Phase noise reduction in LC oscillator with a high-loss capacitor

XY problem, you have what is effectively a capacitor microphone element, with one side grounded and you wish to build an RF Mic.

Were it me, I would not make it part of the oscillator instead using a crystal osc, and putting the transducer in a bridge circuit.
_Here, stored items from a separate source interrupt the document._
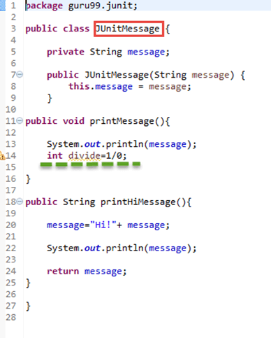 让我们通过创建一个抛出异常的 Java 类来理解异常测试。您将在测试类中处理并测试它。考虑 JUnitMessage.java 有一个方法,它根据用户收到的输入简单地执行数学运算。如果输入任何非法参数,它将抛出“ArithmeticException”。见下文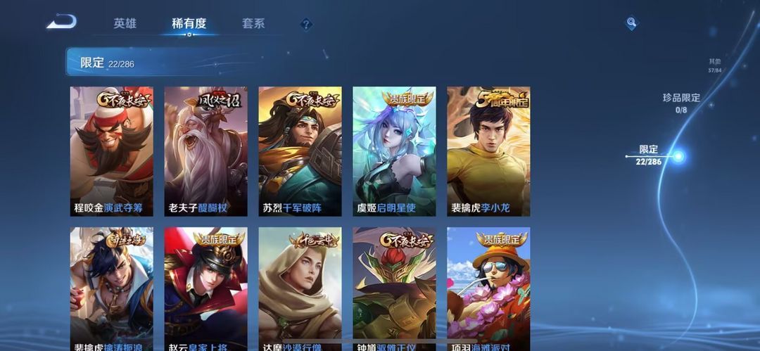 ..v8 120英雄126皮肤2典藏武则天海洋之心全息碎影电玩小子超时空战士胖达荣荣黄金射手座地狱火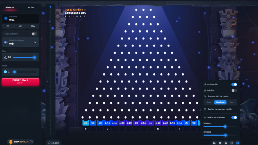 Plinko tiene algo adictivo. Ves esa bolita caer rebotando entre los clavos y te hipnotiza. El sonido, los colores, la expectativa de ver dónde termina… es pura dopamina visual.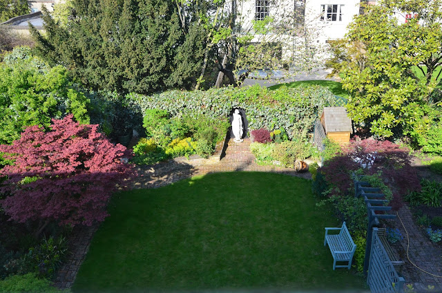 The view of the back yard from our window included a marble-looking statue, which was cute.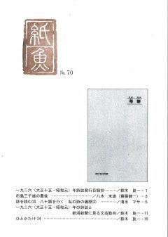 「市島三千雄を語り継ぐ会」からの例会案内。9月は「詩誌目録「紙魚」を終えて」と題して、1926年から1995年までの70年間に新潟県で刊行された詩誌・詩集を収集した目録誌「紙魚(しみ)」を70号で完結させた鈴木良一さんが話をするとのこと。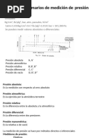 conocidas (barómetro cubeta, manómetro de tubo en U, manómetro de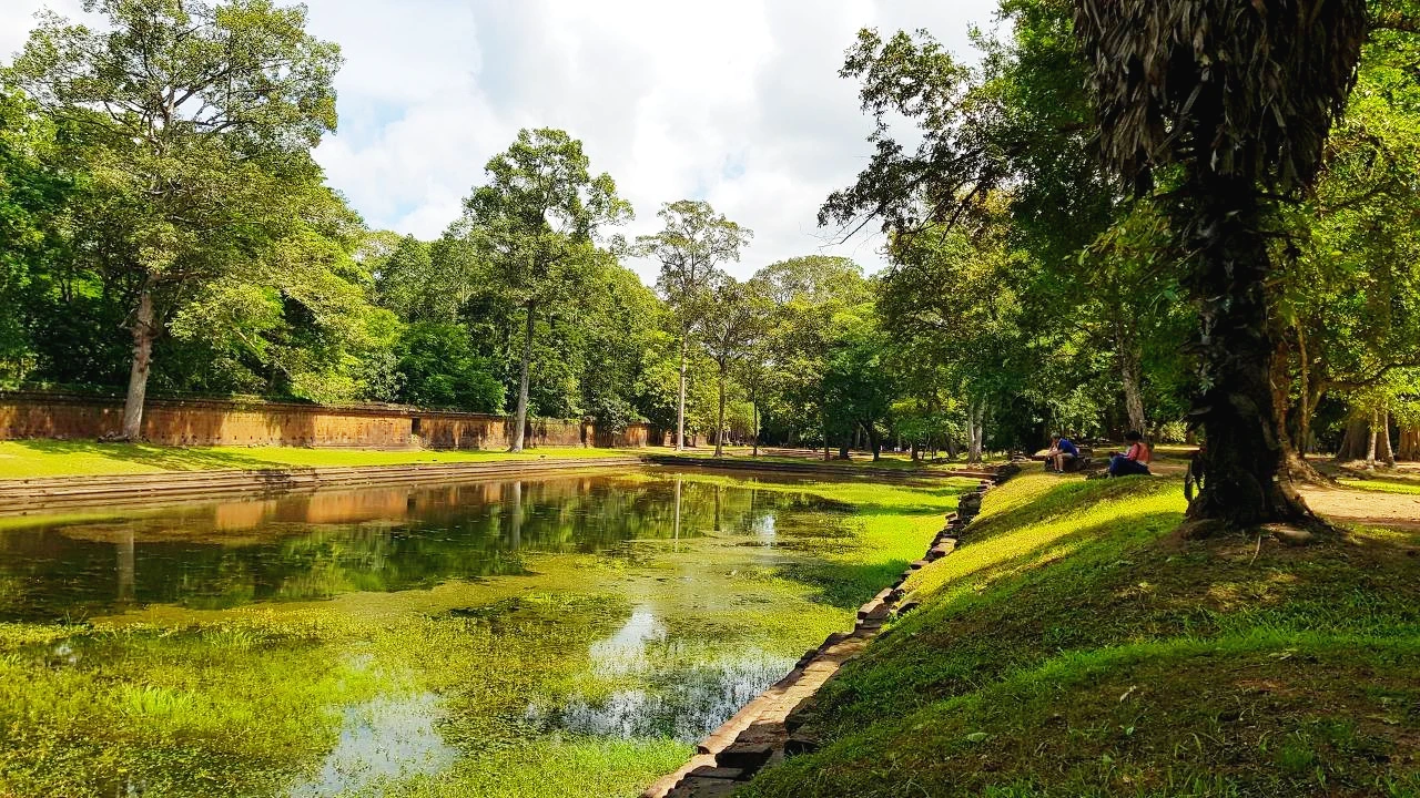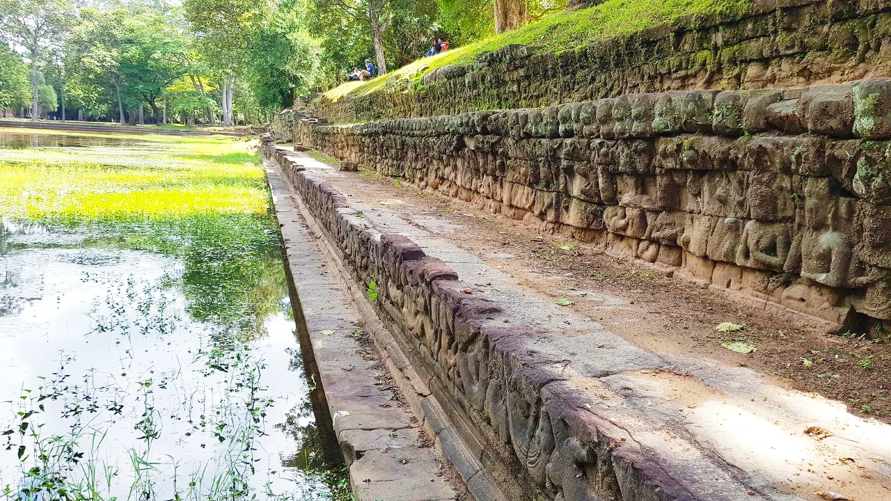 왕궁터는 흔적도 없이 사라졌지만 쓸쓸하게 그 자리를 지키고 있는 것이 있다. 왕궁의 목욕탕이라고 알려진 연못이다. 큰 연못은 정교하게 조각된 석재로 둘러싸여 있다. '주달관'은 왕궁 목욕탕의 모습을 보고 많은 여인들이 한꺼번에 들어가서 목욕을 하는데 왕족의 여인들은 피부가 하얀 반면 시중을 드는 하녀는 까만 피부를 가졌다고 기록했다. 석축 부조에는 이끼가 끼여 있고 물은 탁하다. 과거의 영화가 그저 옛날이야기처럼 들린다. 작은 연못은 신분이 낮은 궁녀들의 목욕탕으로 추정된다. 물이 탁하지만 물이고, 석축 위 큰 나무의 그늘도 있어 나는 한참을 쉬었다. 다시 봐도 연못이 정말 크다. 이곳이 정말 목욕탕이 맞다면 그 당시 왕궁에는 얼마나 많은 사람이 살았다는 말인가?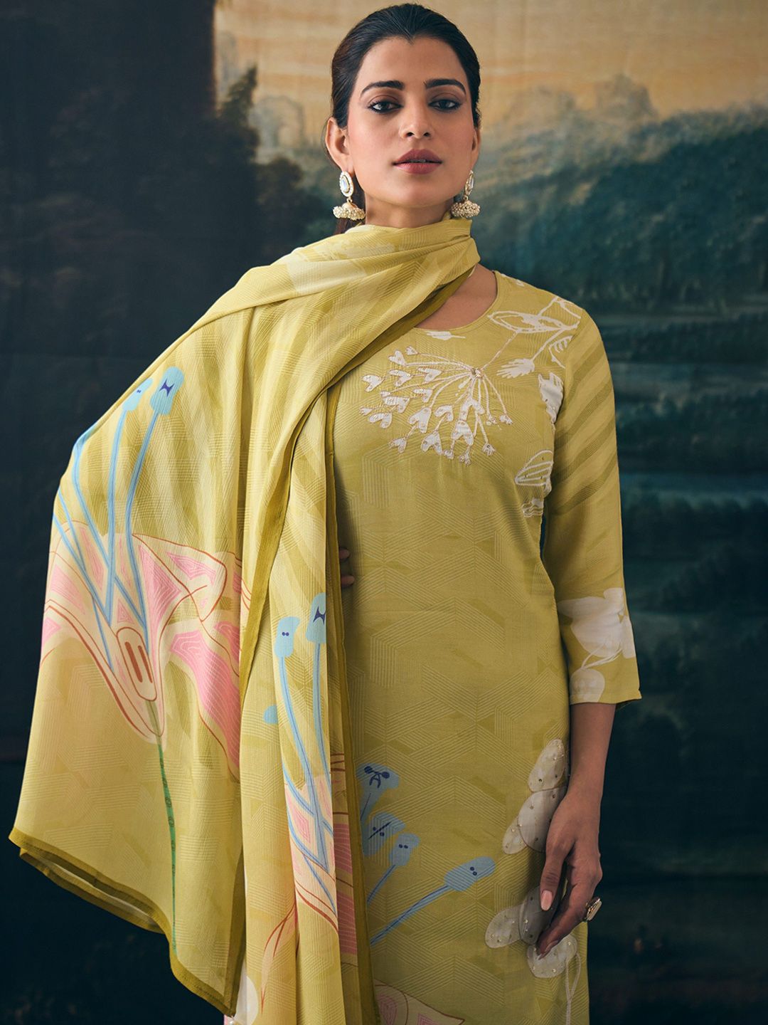 Label khoj Pure viscose maslin with hand work Kurta ,trouser and dupptta setpista Color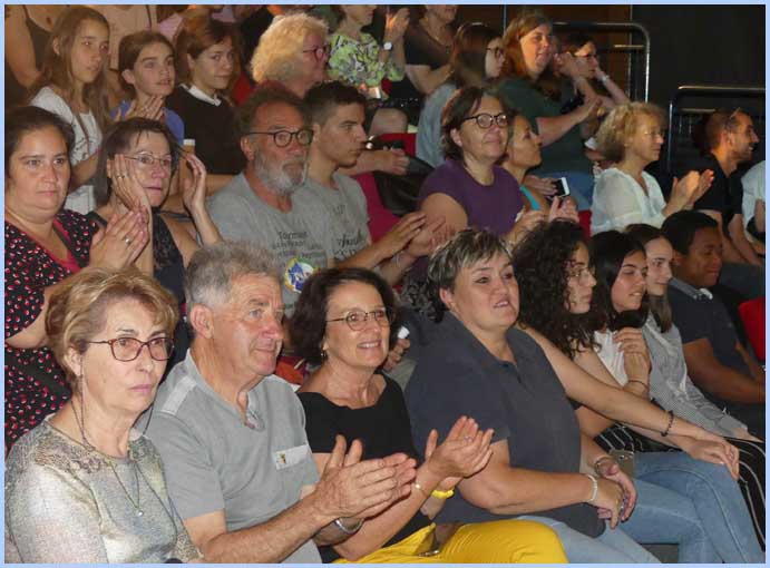 Le spectacle résulte d’une douzaine d’interventions pour chaque groupe d’élèves, initiés à la pratique théâtrale, tendant vers une fresque futuriste. Dans les faits, deux représentations de presque 2 heures ont successivement fait le plein. Pas de scène ostentatoire ni de rideau, mais un dispositif de plain-pied pour comédiens et public, avec deux podiums perpendiculaires. Soit une sorte de tribunal jaugeant les protagonistes : enfants, éducateurs, familles, etc. Le tout aspirant à un monde meilleur, préfiguré par une idylle entre Piter et Léna.               J. P.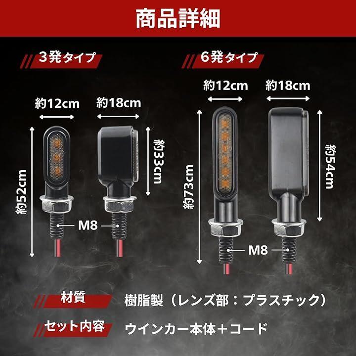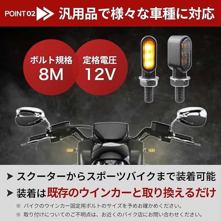 「愛車の個性を引き立てる。高視認性LEDバイクウインカー」あなたのバイクにさらなる安全性とスタイルをプラス。このLEDバイクウインカーは、スモークレンズとアンバー発光が特徴。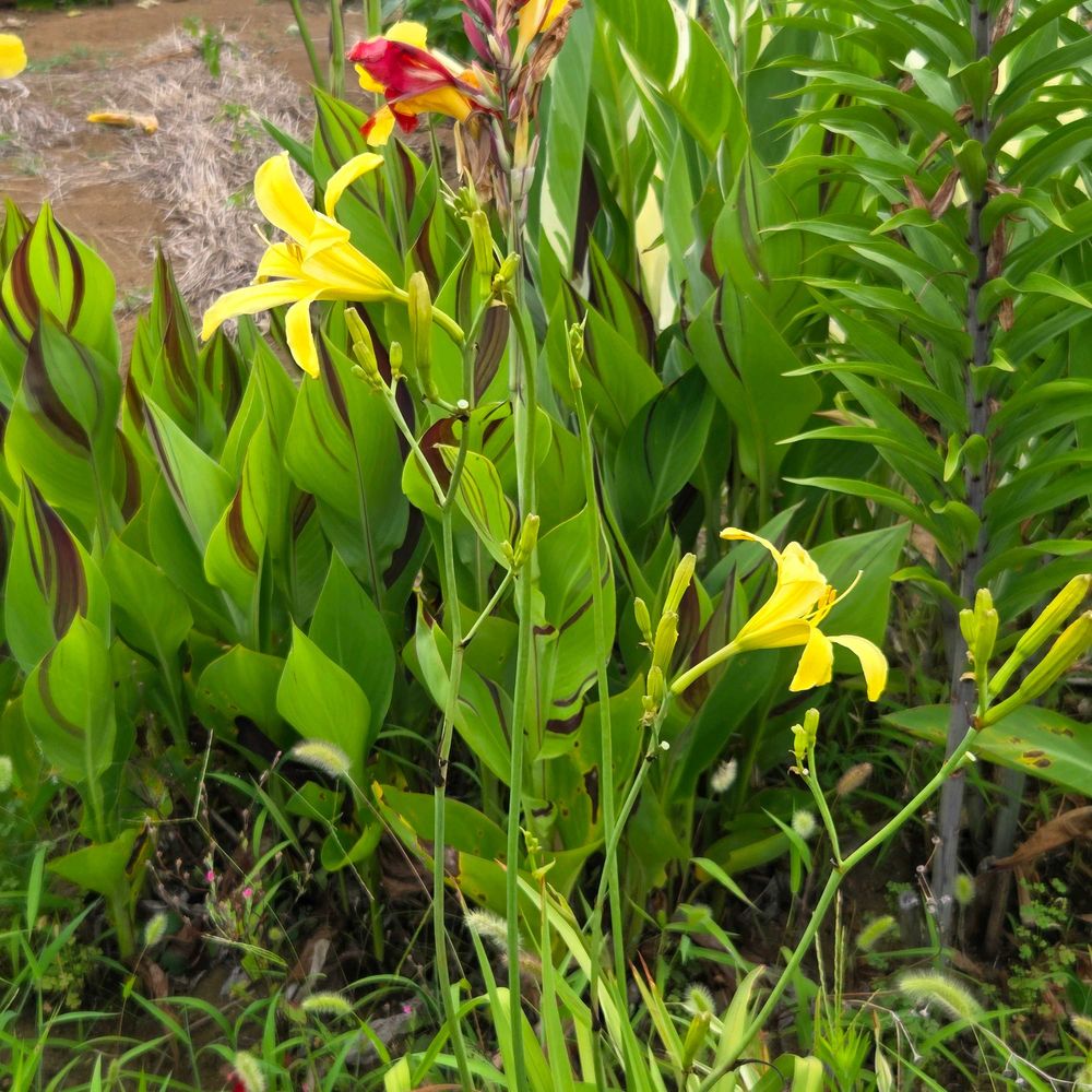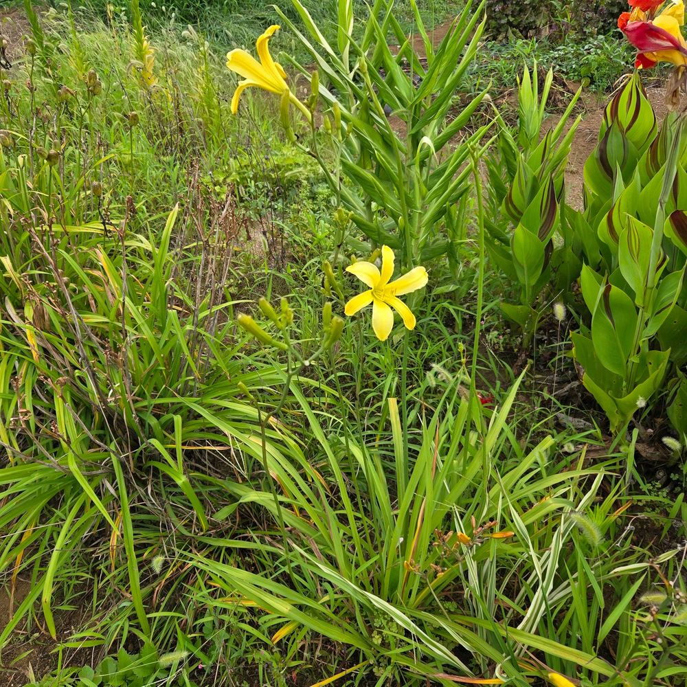 矮性種のネコヤマユウスゲは草丈1mくらいなので我が家においては中間的な立ち位置にあります。

Use a couple of fixed inductors and a piston trimmer or such (shunt it with a variable capacitance diode so you can servo the operating point to compensate temperature drift), then do phase detection on the bridge output voltage.

A couple of inductors, a piston trimmer, a varicap diode, a crystal osc, and some sort of phase detector (maybe a diode ring mixer?) followed by a lowpass filter and some opamp bullshit, job done.


The HP3033 synthesizer used a VCO something like this

schematic

simulate this circuit – Schematic created using CircuitLab

Notice how the two VDD bypass capacitors have their RETURN nodes tied into the resonator RETURN, for quiet operation. Also, C5 is part of the resonant path, thus its AC current is affecting phasenoise.

You might install a Schottky diodes across R2, if you want a fixed Vout amplitude of 0.3v PP.

You should make C3 quite small, so only a portion of the resonant energy is dissipated in that base resistor.